**YOUR GOAL**. The records below must be reproduced exactly. Strip out the pictures.

Records excerpted from a collection:
>>>>>

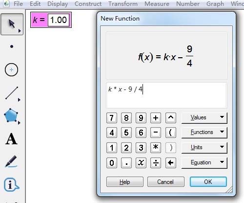 2、输入函数解析式。鼠标单击上方菜单栏“绘图”菜单,在其下拉选项选择“绘制新函数”命令,这样就打开的新建函数对话框,左键单击刚才建立的参数k,再依次输入*、x、-、9、÷、4,如下图所示。
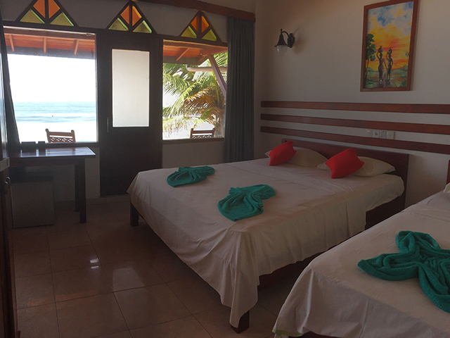 Rooms have full sea view, with private balcony overlooking the beach, hot-water ensuite bathroom, air-conditioning and ceiling fan, mini-fridge, hand-crafted timber furniture and quality mattresses, room safe and lockable closet (own padlock required).
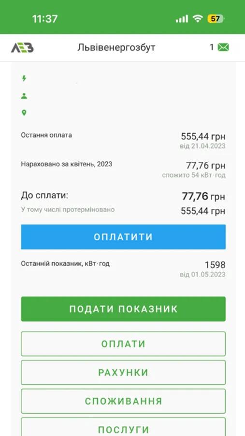 - відстежувати історію сплат та історію показів в архіві розрахунків та квитанцій.
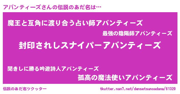 | 意味不明あだ名 | 『自称アバンティーズ』 |
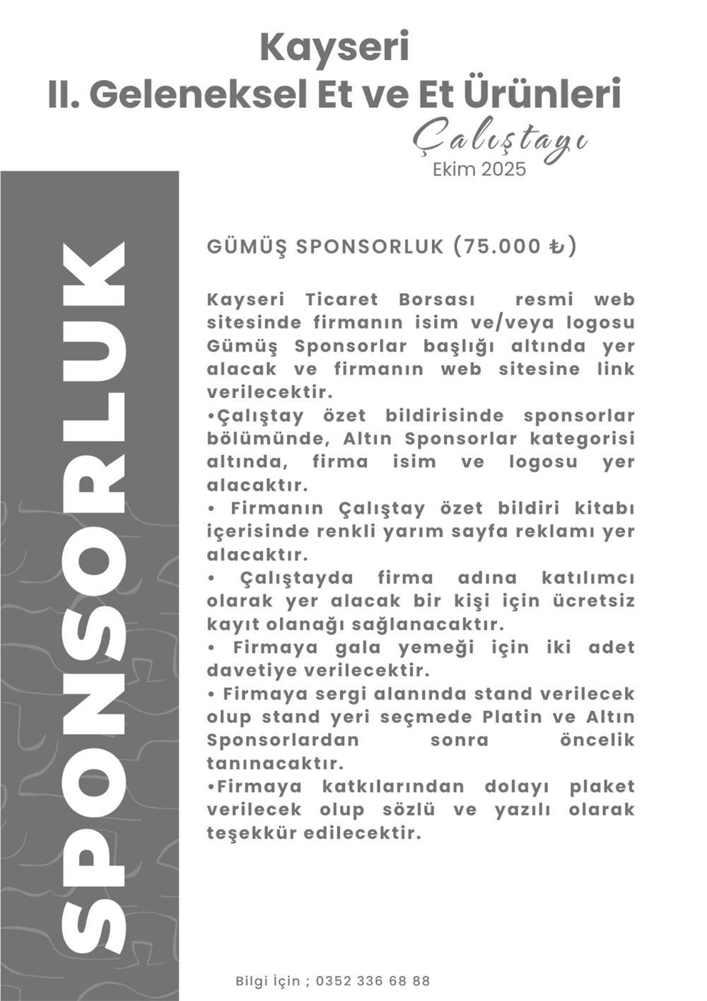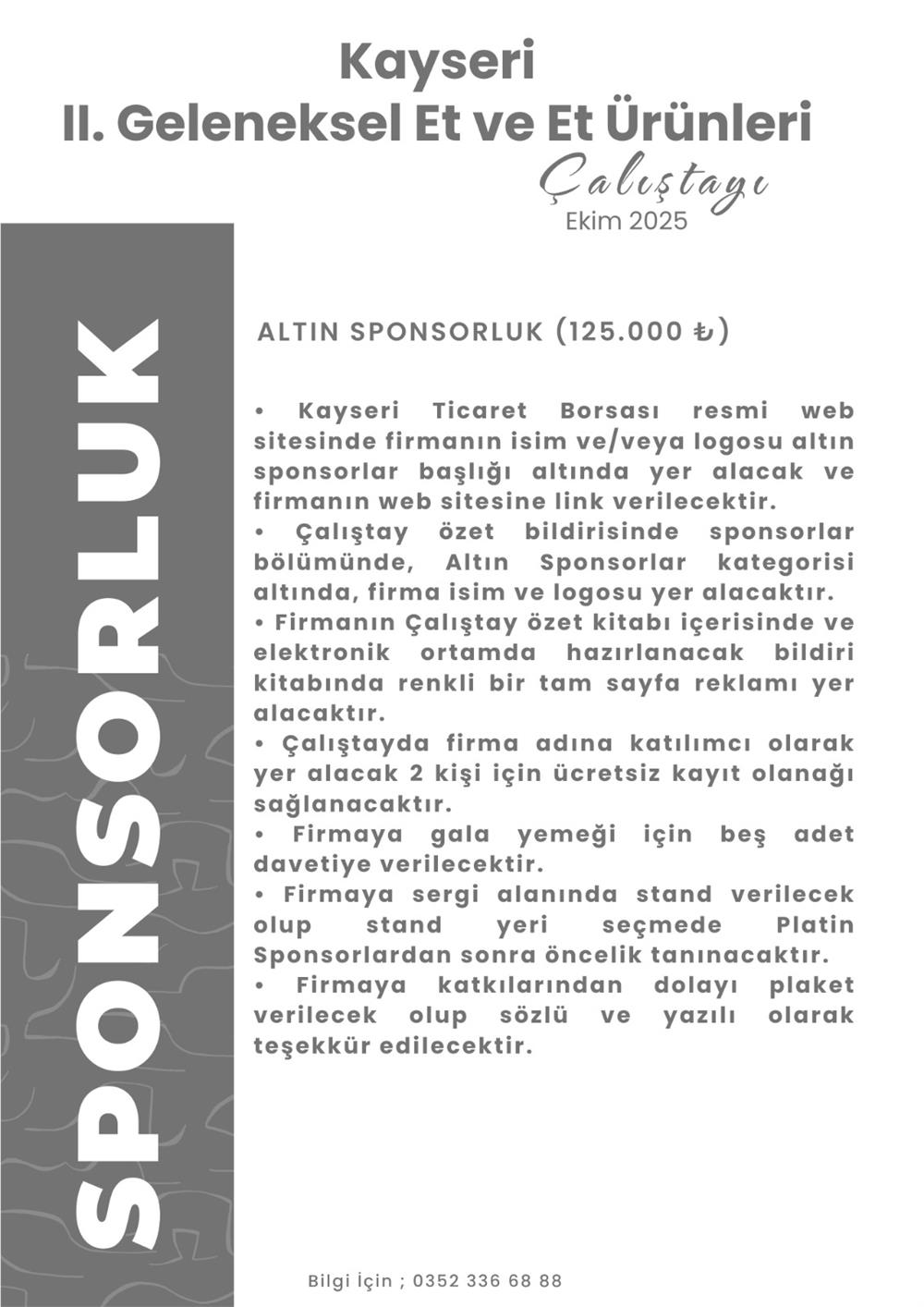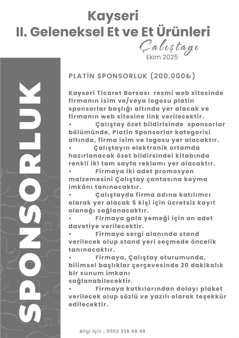 Kayseri II. Geleneksel Et ve Et Ürünleri Çalıştayı 2025 kapsamında sponsorluk kategorileri ve detaylı bilgiler, aşağıda sunulmuştur.
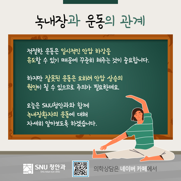 오늘 #보라매 동안과 #SNU청안과 함께 녹내장 환자의 운동에 대해 자세히 알아보도록 하겠습니다.
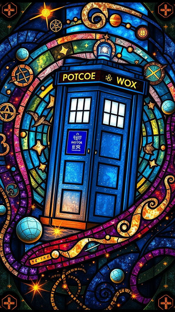 A hyper-detailed stained glass artwork depicting the Tardis amid swirling Gallifreyan symbols, intricately designed with vibrant colors and sparkling reflections that catch the light, capturing the magical essence of Doctor Who's universe. The Tardis stands tall against a cosmic backdrop, its iconic blue hue interwoven with glittering patterns, casting mesmerizing shadows. Small planets and stars encircle the scene, adding depth and wonder to the celestial design. The overall composition is rich in texture and detail, inviting viewers to explore the mysteries of time and space.
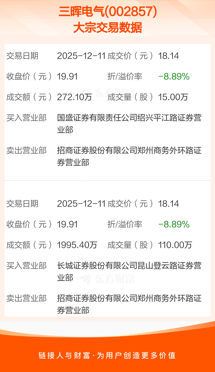 2025年12月11日,三晖电气发生2笔大宗交易,共成交125.00万股,成交金额2267.50万元,占其流通市值比例为0.89%。
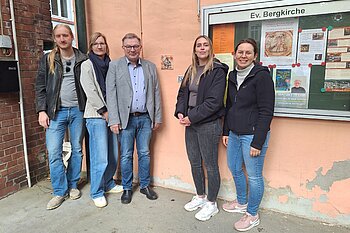 Fliesenanbringung an der Bergkirchengemeinde (v. l. n. r.): Alexander Trauten (Sozialarbeiter RD WIRT), Nicole Nestler (Fachstelle Gesellschaftliche Verantwortung, Evangelisches Dekanat Wiesbaden), Pfarrer Markus Nett (Bergkirchengemeinde), Kim Linz (Bereichsleitung Wohnungsnotfallhilfe, RD WIRT) und Susanne Bender-Petrovic (Assistenz Soziale Arbeit/Fundraising, RD WIRT).
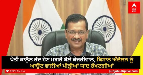 ਚੰਡੀਗੜ੍ਹ: ਪ੍ਰਧਾਨ ਮੰਤਰੀ ਨਰਿੰਦਰ ਮੋਦੀ ਵੱਲੋਂ ਖੇਤੀ ਕਾਨੂੰਨ ਵਾਪਸ ਲੈਣ ਮਗਰੋਂ ਆਮ ਆਦਮੀ ਪਾਰਟੀ ਦੇ ਸੁਪਰੀਮੋ ਅਰਵਿੰਦ ਕੇਜਰੀਵਾਲ ਨੇ ਕਿਹਾ ਹੈ ਕਿ ਅੱਜ ਪ੍ਰਕਾਸ਼ ਦਿਹਾੜੇ ਮੌਕੇ ਕਿੰਨੀ ਵੱਡੀ ਖਬਰ ਮਿਲੀ। ਤਿੰਨੇ ਖੇਤੀ ਕਾਨੂੰਨ ਰੱਦ ਕਰ ਦਿੱਤੇ ਗਏ। 700 ਤੋਂ ਵੱਧ ਕਿਸਾਨ ਸ਼ਹੀਦ ਹੋ ਹਏ। ਉਨ੍ਹਾਂ ਦੀ ਸ਼ਹਾਦਤ ਅਮਰ ਰਹੇਗੀ। ਆਉਣ ਵਾਲੀਆਂ ਪੀੜ੍ਹੀਆਂ ਯਾਦ ਰੱਖਣਗੀਆਂ ਕਿ ਕਿਵੇਂ ਇਸ ਦੇਸ਼ ਦੇ ਕਿਸਾਨਾਂ ਨੇ ਖੇਤੀ ਤੇ ਕਿਸਾਨੀ ਨੂੰ ਬਚਾਉਣ ਲਈ ਆਪਣੀਆਂ ਜਾਨਾਂ ਵਾਰ ਦਿੱਤੀਆਂ। ਮੈਂ ਆਪਣੇ ਦੇਸ਼ ਦੇ ਕਿਸਾਨਾਂ ਨੂੰ ਸਲਾਮ ਕਰਦਾ ਹਾਂ।
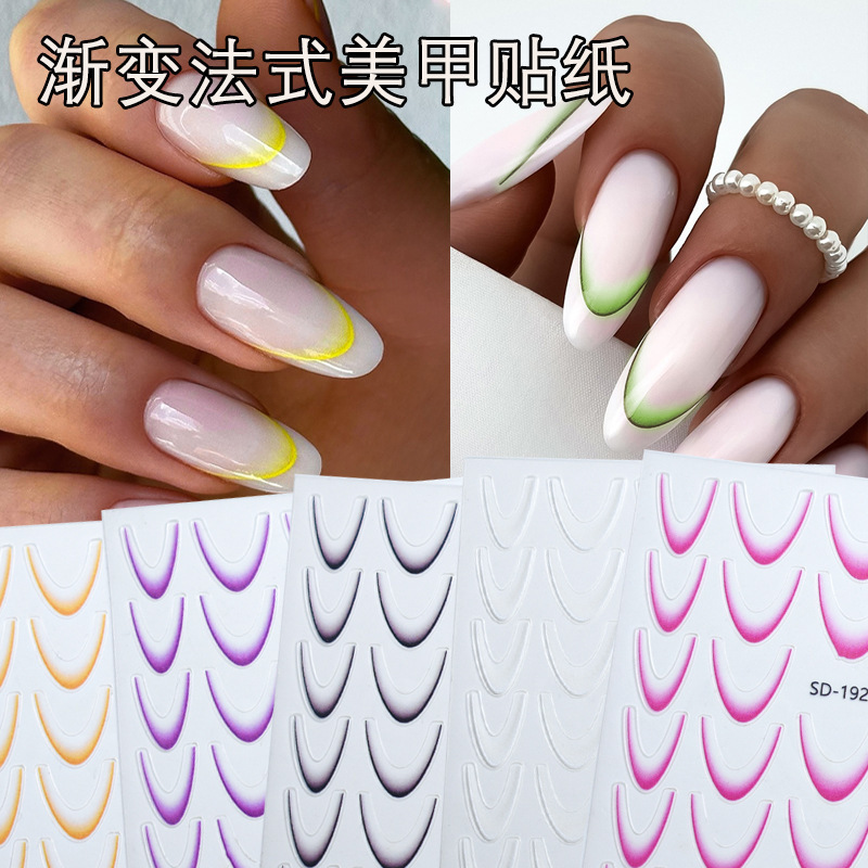 ネットの赤い爆発のグラデーションのフランスのネイルシールは簡単で、三日月のほほえみの縞のシールの弧の形の爪の貼ることができます。

<<<<<

**SOLUTION**.
 2、输入函数解析式。鼠标单击上方菜单栏“绘图”菜单,在其下拉选项选择“绘制新函数”命令,这样就打开的新建函数对话框,左键单击刚才建立的参数k,再依次输入*、x、-、9、÷、4,如下图所示。
 Rooms have full sea view, with private balcony overlooking the beach, hot-water ensuite bathroom, air-conditioning and ceiling fan, mini-fridge, hand-crafted timber furniture and quality mattresses, room safe and lockable closet (own padlock required).
 - відстежувати історію сплат та історію показів в архіві розрахунків та квитанцій.
 | 意味不明あだ名 | 『自称アバンティーズ』 |
 Kayseri II. Geleneksel Et ve Et Ürünleri Çalıştayı 2025 kapsamında sponsorluk kategorileri ve detaylı bilgiler, aşağıda sunulmuştur.
 오늘 #보라매 동안과 #SNU청안과 함께 녹내장 환자의 운동에 대해 자세히 알아보도록 하겠습니다.
 A hyper-detailed stained glass artwork depicting the Tardis amid swirling Gallifreyan symbols, intricately designed with vibrant colors and sparkling reflections that catch the light, capturing the magical essence of Doctor Who's universe. The Tardis stands tall against a cosmic backdrop, its iconic blue hue interwoven with glittering patterns, casting mesmerizing shadows. Small planets and stars encircle the scene, adding depth and wonder to the celestial design. The overall composition is rich in texture and detail, inviting viewers to explore the mysteries of time and space.
 2025年12月11日,三晖电气发生2笔大宗交易,共成交125.00万股,成交金额2267.50万元,占其流通市值比例为0.89%。
 Fliesenanbringung an der Bergkirchengemeinde (v. l. n. r.): Alexander Trauten (Sozialarbeiter RD WIRT), Nicole Nestler (Fachstelle Gesellschaftliche Verantwortung, Evangelisches Dekanat Wiesbaden), Pfarrer Markus Nett (Bergkirchengemeinde), Kim Linz (Bereichsleitung Wohnungsnotfallhilfe, RD WIRT) und Susanne Bender-Petrovic (Assistenz Soziale Arbeit/Fundraising, RD WIRT).
 ਚੰਡੀਗੜ੍ਹ: ਪ੍ਰਧਾਨ ਮੰਤਰੀ ਨਰਿੰਦਰ ਮੋਦੀ ਵੱਲੋਂ ਖੇਤੀ ਕਾਨੂੰਨ ਵਾਪਸ ਲੈਣ ਮਗਰੋਂ ਆਮ ਆਦਮੀ ਪਾਰਟੀ ਦੇ ਸੁਪਰੀਮੋ ਅਰਵਿੰਦ ਕੇਜਰੀਵਾਲ ਨੇ ਕਿਹਾ ਹੈ ਕਿ ਅੱਜ ਪ੍ਰਕਾਸ਼ ਦਿਹਾੜੇ ਮੌਕੇ ਕਿੰਨੀ ਵੱਡੀ ਖਬਰ ਮਿਲੀ। ਤਿੰਨੇ ਖੇਤੀ ਕਾਨੂੰਨ ਰੱਦ ਕਰ ਦਿੱਤੇ ਗਏ। 700 ਤੋਂ ਵੱਧ ਕਿਸਾਨ ਸ਼ਹੀਦ ਹੋ ਹਏ। ਉਨ੍ਹਾਂ ਦੀ ਸ਼ਹਾਦਤ ਅਮਰ ਰਹੇਗੀ। ਆਉਣ ਵਾਲੀਆਂ ਪੀੜ੍ਹੀਆਂ ਯਾਦ ਰੱਖਣਗੀਆਂ ਕਿ ਕਿਵੇਂ ਇਸ ਦੇਸ਼ ਦੇ ਕਿਸਾਨਾਂ ਨੇ ਖੇਤੀ ਤੇ ਕਿਸਾਨੀ ਨੂੰ ਬਚਾਉਣ ਲਈ ਆਪਣੀਆਂ ਜਾਨਾਂ ਵਾਰ ਦਿੱਤੀਆਂ। ਮੈਂ ਆਪਣੇ ਦੇਸ਼ ਦੇ ਕਿਸਾਨਾਂ ਨੂੰ ਸਲਾਮ ਕਰਦਾ ਹਾਂ।
 ネットの赤い爆発のグラデーションのフランスのネイルシールは簡単で、三日月のほほえみの縞のシールの弧の形の爪の貼ることができます。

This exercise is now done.